If the current slump in Magnificent Seven equities continues until the closing, it would have lost about $934 billion from its market capitalizations this week, making it the group’s worst-ever weekly loss of market value.
Netflix saw a more than 9% decline even after posting better-than-expected quarterly results. Although the streamer’s subscriber base increased by 16% over the prior year, it announced that it would stop reporting paid subscriptions as of 2025.
The S&P 500 index has dropped 4.6% this month, and the three main US indices are headed for their first negative month since October last year. The S&P 500 is up 5.1% and the Nasdaq Composite has added 3.9%, while the Dow Jones Industrial Average has only up 0.2% since the beginning of 2024, almost wiping out its gains.
The markets revised when the Federal Reserve might start reducing interest rates due to strong economic indicators and persistent inflation. Not helping has been the rise in oil prices brought on by increased Middle East unrest.
This month’s data revealed that inflation is still persistently higher than the Fed’s 2% target. Employers exceeded forecasts in March by adding an astounding 303,000 new jobs. Spending at US stores increased for a second straight month, demonstrating the tenacity of US consumers despite rates sitting at a 23-year high.
Subsequently, Fed Chair Jerome Powell stated on Tuesday that rate reductions could happen later than anticipated and that the central bank will need to see more evidence of inflation moderating before changing course.
As per the CME FedWatch Tool, traders project the Fed will start easing rates in July or September. Up to six rate cuts in 2024, beginning in March, were anticipated by investors early this year.
The IMF raised its prediction for this year’s growth in the US economy but cautioned that controlling inflation will be difficult. Even though the US would play a major role in global growth, the group claimed the American economy is “overheated.”

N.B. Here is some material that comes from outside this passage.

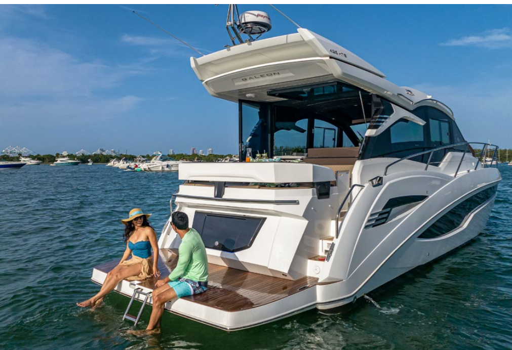
— Bath platform for easy water access

Tensions rising in the Middle East are adding to Wall Street’s problems. Iran retaliated with airstrikes on Israel over the weekend for what it believed to be an Israeli strike on the facility housing its embassy in Syria earlier this month. In retaliation, Israel launched an attack on Iran. Though Iranian officials and state-affiliated media have attempted to downplay the incident thus far, Israel has remained silent.